Dmitri Shostakovich (1906-1975)
Symphony No.5 in D minor Op.47 (1937)
The Stadium Symphony Orchestra Of New York/Leopold Stokowski
rec. 1958
Reviewed as download
HIGH DEFINITION TAPE TRANSFER HDTT13575 [44]
Originally recorded for Everest Records on 35 mm film instead of tape, an already remarkably fresh and vivid recording has come up wonderfully in this HDTT remastering.

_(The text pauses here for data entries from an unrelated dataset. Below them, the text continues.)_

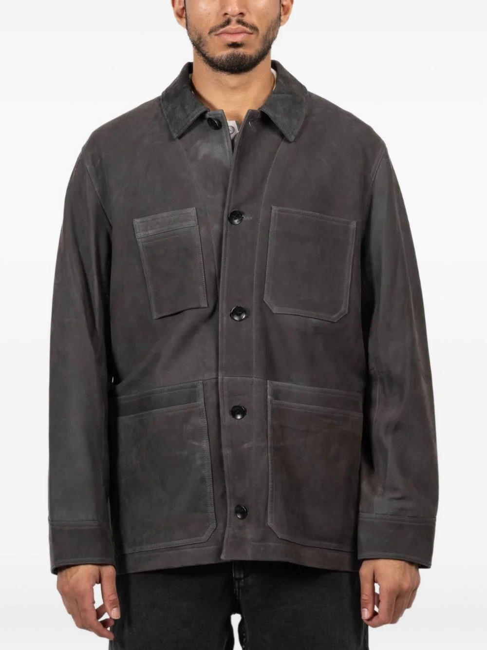 Graham Chore buttoned pocket jacket Highlights - Dark grey - Button fastening - Point collar - Long sleeves - Patch pocket Imported Composition Lambskin 100% Washing instructions Read Manufacturer Guidelines
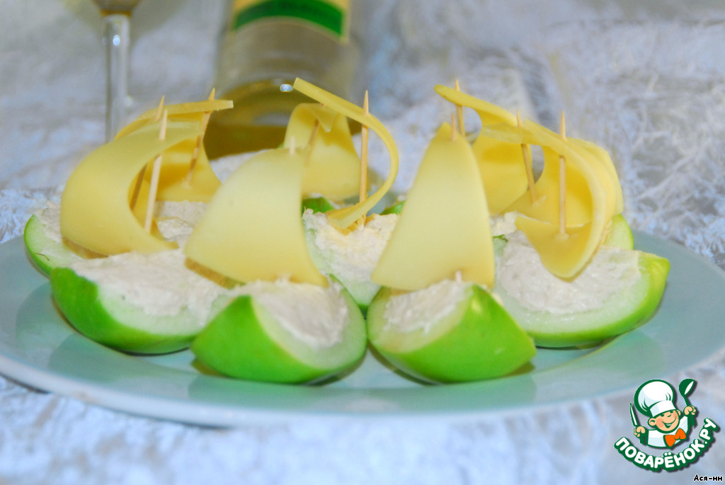 В каждую яблочную лодочку кладем начинку, кусочек сыра надевем на зубочистку в виде паруса и втыкаем в лодочку. Выкладываем на тарелку, можно украсить свежей зеленью по желанию.
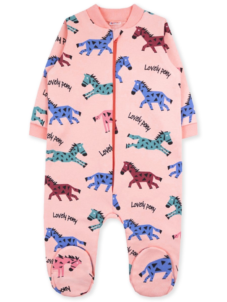 Комбинезон для малыша - Розовый светлый - Лошади - юл1262340608
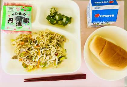 濃口醤油、薄口醤油などで味付けした焼きそばです。「いつもと違う味だったけど、めっちゃおいしかった!」「おかわりした!」と、嬉しそうに話してくれる子もいました。
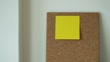 Empty yellow sticky note on a chipboard surface, gently lifted by a breeze, viewed from front. - 4K stock video
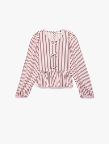 Uzun Kollu Bisiklet Yaka Fiyonk Detaylı Viskon Çizgili Bluz Sepete Ekle
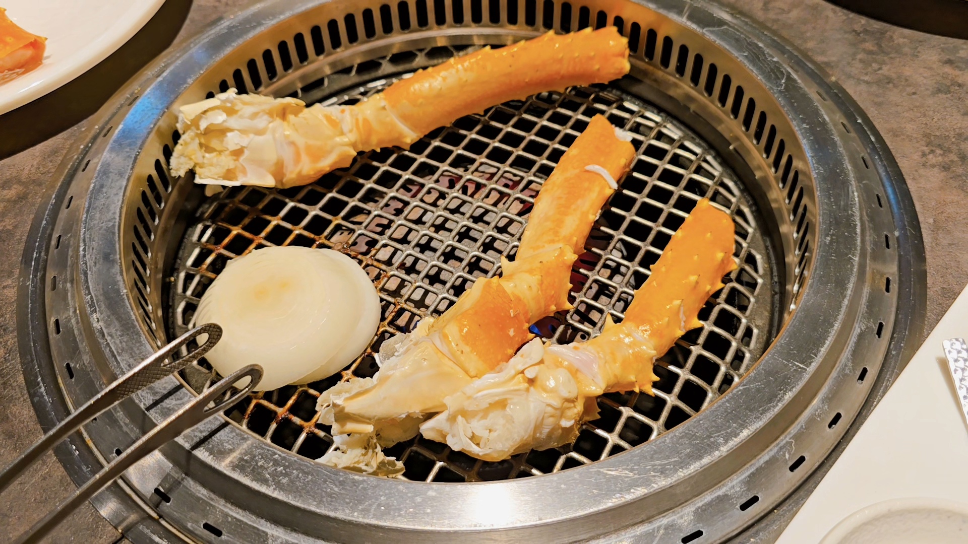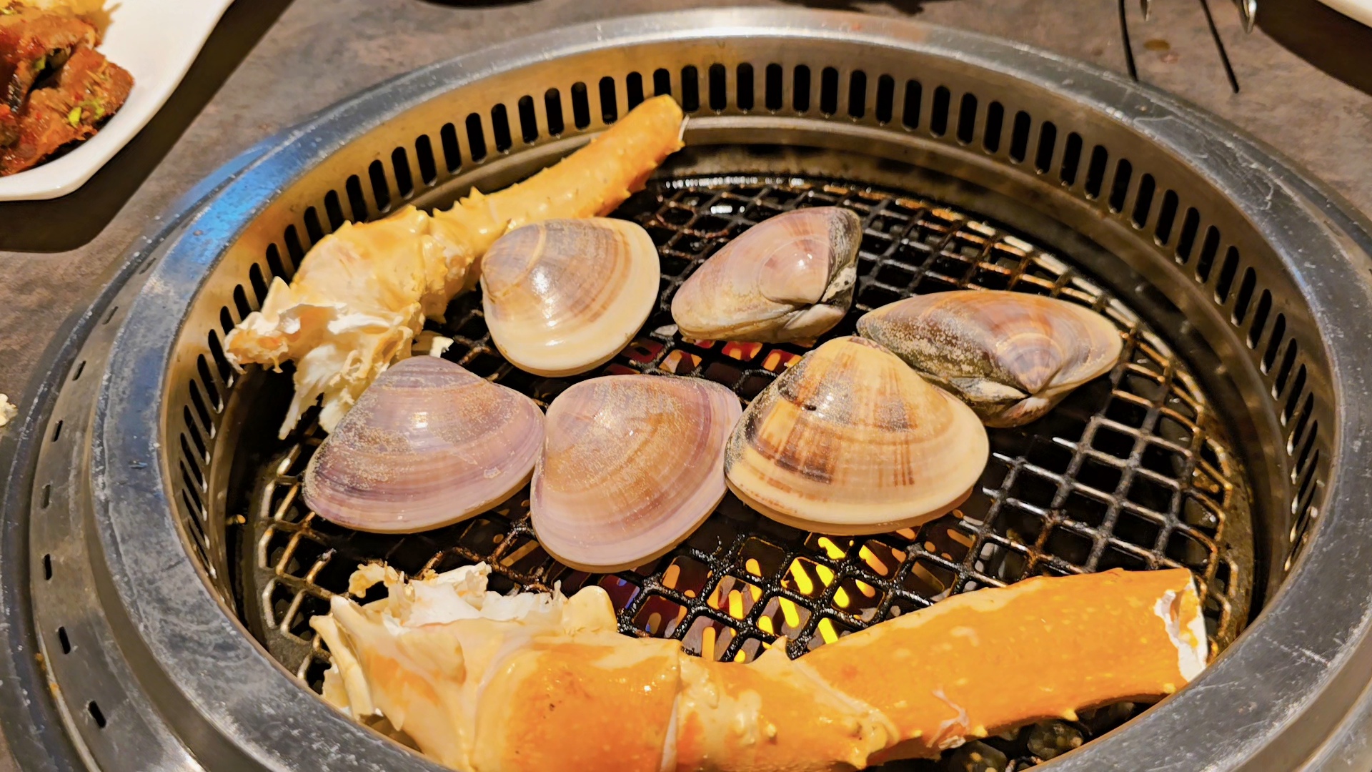 킹크랩을 구우며 조개도 굽고
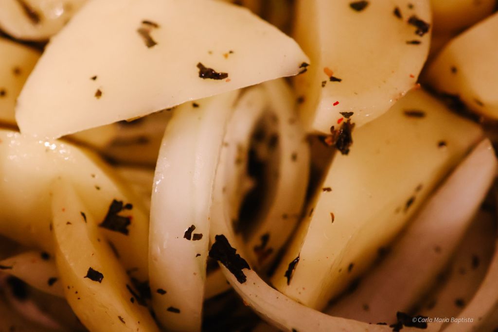 Cobrir bem o tabuleiro com folha de alumínio e levar ao forno durante 30–35 minutos. Esta fase permite que a cebola amoleça e que as batatas cozinhem, mantendo tudo suculento.
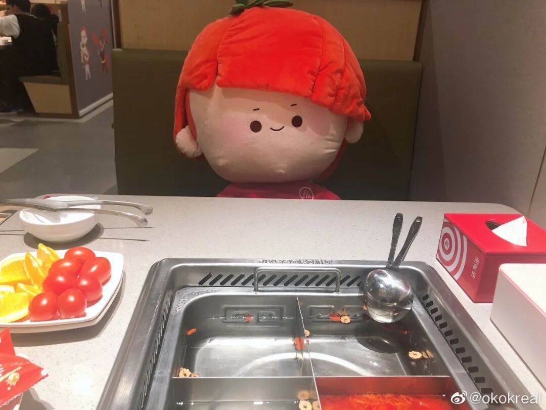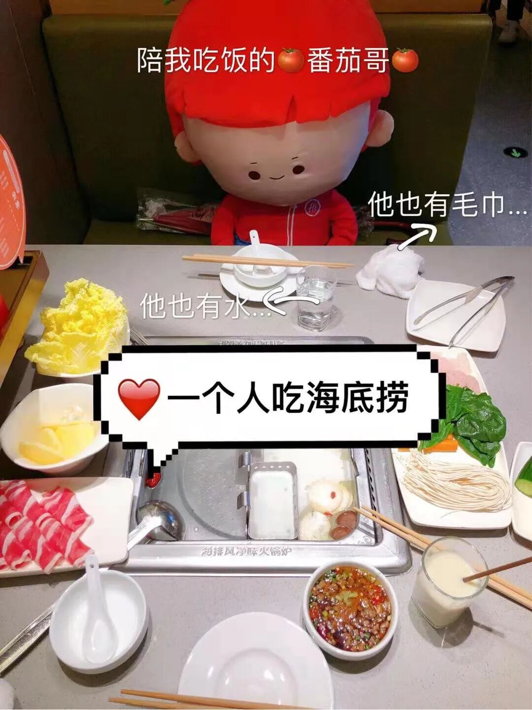 因为一个人去吃海底捞,店员会贴心给你安排一个番茄哥,让你感受到海底捞对单身喵的浓浓关爱。
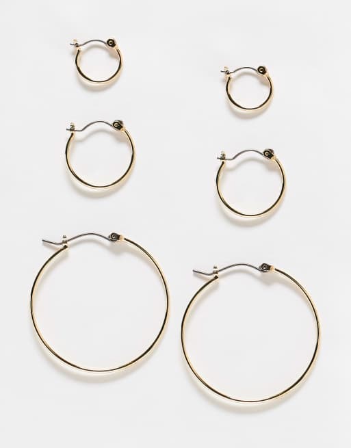 Pieces – Zestaw 3 par kolczyków w kolorze złota o różnych wielkościach
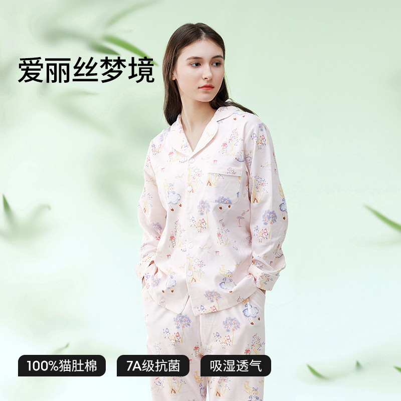 Beptides 성인 홈 의류 세트 여성 2025 년 새 봄과 가을 면 슈퍼 부드러운 고양이 배꼽 면 파자마스토어 가기
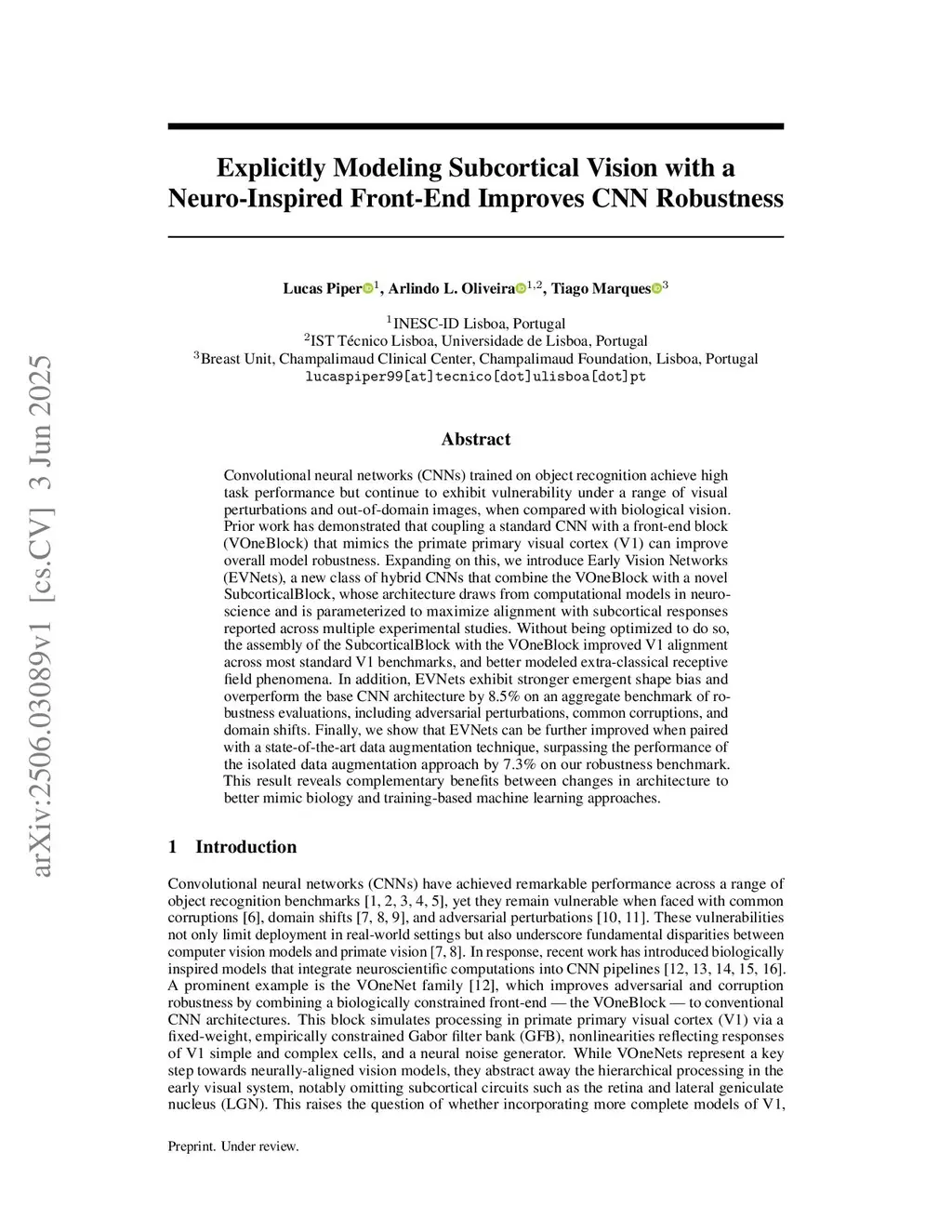 Convolutional neural networks (CNNs) trained on object recognition achieve high task performance but continue to exhibit vulnerability under a range of visual perturbations and out-of-domain images, when compared with biological vision. Prior work has demonstrated that coupling a standard CNN with a front-end (VOneBlock) that mimics the primate primary visual cortex (V1) can improve overall model robustness. Expanding on this, we introduce Early Vision Networks (EVNets), a new class of hybrid CNNs that combine the VOneBlock with a novel SubcorticalBlock, whose architecture draws from computational models in neuroscience and is parameterized to maximize alignment with subcortical responses reported across multiple experimental studies. Without being optimized to do so, the assembly of the SubcorticalBlock with the VOneBlock improved V1 alignment across most standard V1 benchmarks, and better modeled extra-classical receptive field phenomena. In addition, EVNets exhibit stronger emergent shape bias and outperform the base CNN architecture by 9.3% on an aggregate benchmark of robustness evaluations, including adversarial perturbations, common corruptions, and domain shifts. Finally, we show that EVNets can be further improved when paired with a state-of-the-art data augmentation technique, surpassing the performance of the isolated data augmentation approach by 6.2% on our robustness benchmark. This result reveals complementary benefits between changes in architecture to better mimic biology and training-based machine learning approaches.
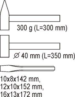 Sada 5 kusů kladiv a dlát z CrV oceli. Sada je přehledně srovnána ve vložce do zásuv...

“The Stadium Symphony Orchestra Of New York” is of course just the New York Philharmonic in summer garb and their playing is wonderfully sonorous yet mostly disciplined; entries and intonation are precise – which matters, especially in this kaleidoscopic music, ranging as it does from biting irony to languorous lyricism. Stokowski is remarkably non-interventionist here for a conductor with his reputation for tweaking; he simply lets the music unfold naturally, maintaining a sense of “over-arching shape” (a cliché, I know, but apt here). Bernstein’s almost contemporaneous recording is more overtly episodic, driving home individual high-points of tension but perhaps as a result compromising the organic unity of the symphony.
This is a relatively swift, driven account, if not as fast as Stokowski’s live performance with the LSO in the Royal Albert Hall six years later. It is sometimes broody and dark and sometimes relaxed - not as sharp and tense as Bernstein. Shostakovich’s fascination and kinship with Mahler are underlined; never has the Allegretto sounded so akin to a Mahler Scherzo, as per the “Des Antonius von Padua Fischpredigt” in the Resurrection symphony.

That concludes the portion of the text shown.